Eventhough, I cannot figure out why:

00:02:DE:55:DB:74	qpska-6

is not present in the output sample in post #1

cdubu2 · March 6, 2017, 8:58am

Thank you both for reply's and bare with me I want to make sure I understand so I don't have ask again.

 
{A[$1]=$2; next}

Is putting column 1 of file 2 in an array and make it variable $2?
next stop parsing file 2.
{print $2, A[$5]}
Then print variable $2 and value of column 5 (a[$5] when it has a match from array$1 file 1 to a value in file 2?

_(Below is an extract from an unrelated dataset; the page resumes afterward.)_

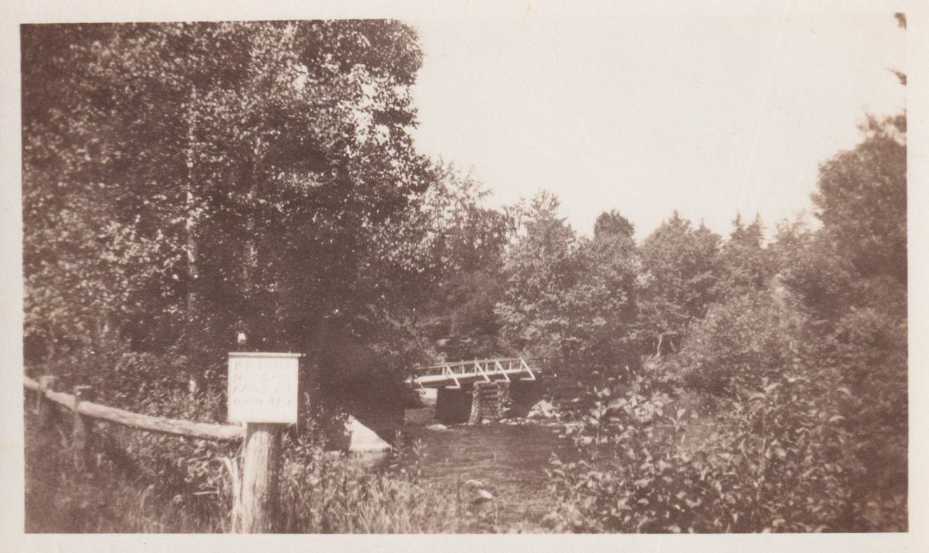 Black-and-White photograph looking up the Saranac River toward the bridge at Bartlett Carry Club. "July 25, 1932," is stamped on reverse.
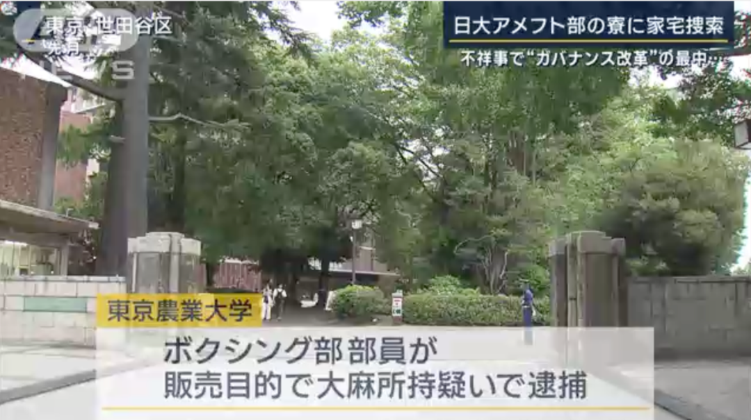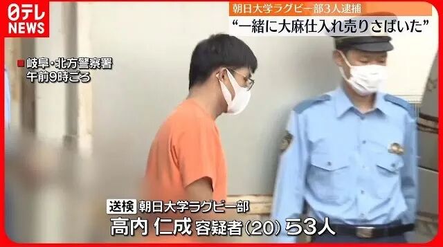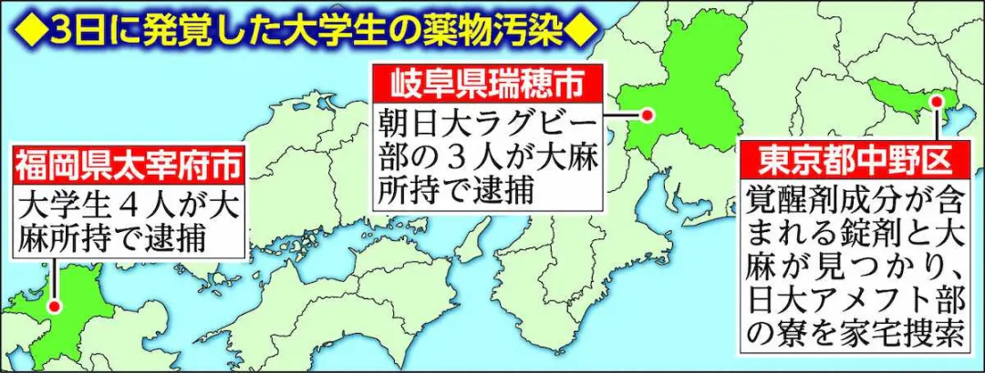 上个月,东京农业大学的拳击部成员因涉嫌持有以销售为目的的大麻而被逮捕。3日,在朝日大学橄榄球部的3名成员,同样以销售为目的持有大麻,岐阜县警察对集训所进行了搜查。

RudiC · March 6, 2017, 9:21am

Not quite.

A[$1]=$2 : Create an element for array A indexed by $1 (the first field in the line) and assign $2 (the second field)'s contents.

next stop processing THIS actual line in file2; read in and process next line until done with file2

print $2, A[$5] When processing the second file (file1), print its second field, and use fifth field as an index into array A, and, after OFS, print that value or an empty string if no element exists.